И тем временем, как только маркиз освобождался от одной из частей своего наряда, мальчик прятал ее под вязанками хвороста на маленьком чердаке по соседству.
— Но ты, бедное мое дитя, — продолжал маркиз, — значит, они не узнали в тебе дворянина? Они не причинили тебе зла, Боже мой?
— Нет, нет; поговорим о тебе, отец мой. Значит, ты не пытался выйти до того, как они выставили своих часовых?
— Нет, конечно. Я ни о чем не подозревал! Они так мало шумели, что я думал — это привал погонщиков мулов, и только когда они окружили дом, они немного возвысили голоса, и я увидел через окно, что попал в западню, устроенную худшими разбойниками и убийцами, каких я только знаю. Я сидел спокойно, думая, что они вскоре уйдут; но я услышал и немного понял несколько итальянских слов. Они, я думаю, собираются остаться здесь до рассвета. И тогда я сказал себе, что, не увидев меня в Брильбо, где меня ждали к десяти часам, мои люди, беспокоясь обо мне, придут ночью за мной сюда, где, как им известно, я должен остановиться. Лучше было бы подождать их. Этих рейтаров не больше дюжины; я довольно точно их сосчитал, и когда я увижу наших людей, я сумею проложить нам путь добрыми ударами шпаги, раздавая их этим негодяям.
— Отец, — сказал Марио, смотревший в окно. — Их сейчас по меньшей мере двадцать пять! Потому что только что прибыла еще одна шайка. Наши люди еще и не думают идти за тобой, и с минуты на минуту эти рейтары могут обыскать дом сверху донизу, чтобы пограбить.
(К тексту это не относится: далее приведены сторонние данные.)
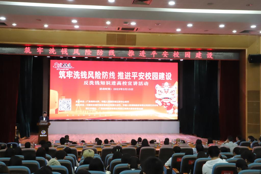 为广泛深入推进反洗钱宣传工作,有效防范和打击洗钱行为,维护社会金融稳定,推进平安校园建设,在“3·15”国际消费者权益日当天,由AC米兰中国官网、中国人民银行湛江市中心支行主办,中国农业银行股份有限公司湛江分行、中国人寿保险股份有限公司湛江分公司、湛江日报社、广发证券股份有限公司湛江海滨大道证券营业部承办的“2023年反洗钱知识进高校”宣教活动在湖光校区广学楼多功能报告厅举行。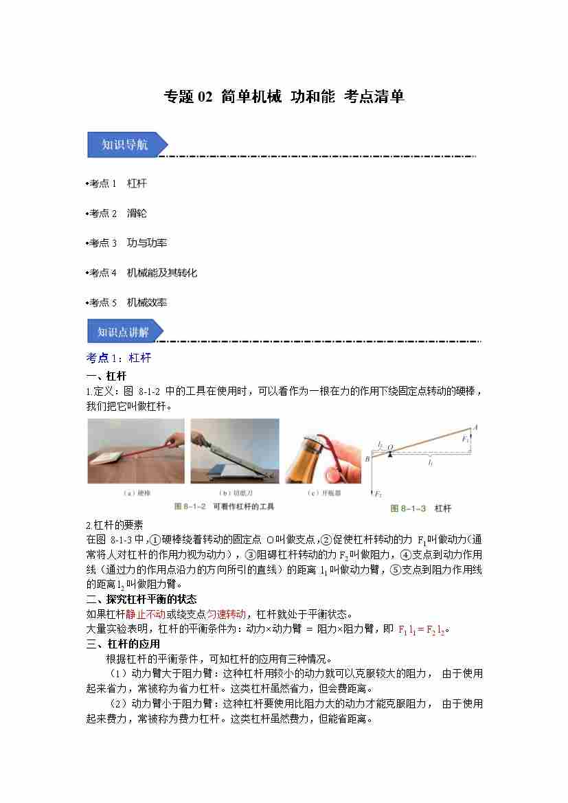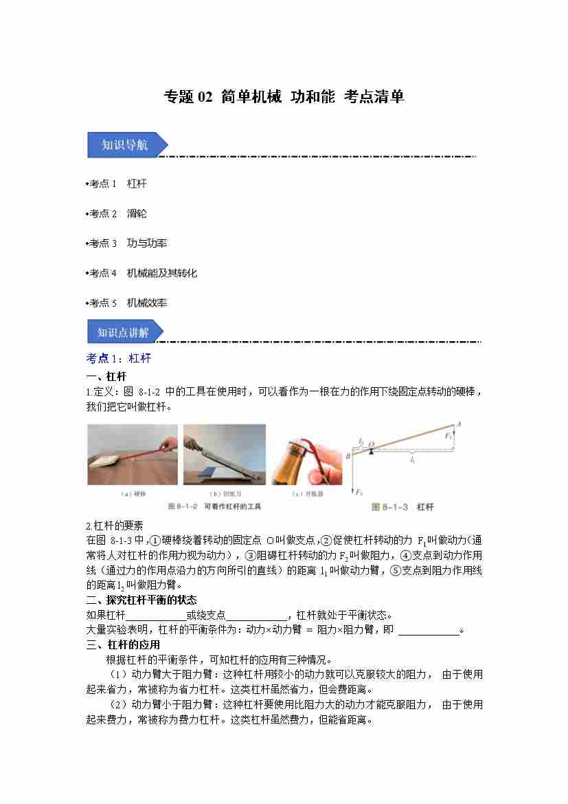 专题02 简单机械 功和能 (考点清单)(学生版)

— Что ж, дитя мое, вот я и переоделся с головы до ног; оставайся при мне, как будто ухаживаешь за больным хозяином. Если сюда придут, нас не тронут. Истязают и грабят только хорошо одетых людей на хороших лошадях… Ах, кстати, из-за моего коня меня узнают. Они должны были видеть его!
— Твой конь спрятан, и мой тоже.
— Правда? Это, стало быть, храбрый конюх нашел способ… Но почему они так кричат, эти разбойники? Ты слышишь их?
— Это они меня зовут! Оставайся здесь, отец; не запирайся: это вызовет подозрения. Смотри, они входят в комнату внизу. Я иду туда! Слушай все: перегородки тонкие; постарайся понять, и будь полностью готов прийти, если я в свою очередь позову тебя.
Глава пятидесятая
Марио спустился, словно кошка, по маленькой лесенке, что вела из комнаты хозяина в парадный зал, и оказался перед капитаном Макабром.
Лейтенант Сакканс тоже был там, и с ним двое или трое с такими же физиономиями висельников.
Внешность человека, носившего зловещее имя Макабр, была на первый взгляд менее неприятной, чем у лейтенанта. Лицо последнего было предательским и холодным, смех — свирепым. Лицо Макабра говорило лишь о тупой грубости, старавшейся выглядеть внушительно.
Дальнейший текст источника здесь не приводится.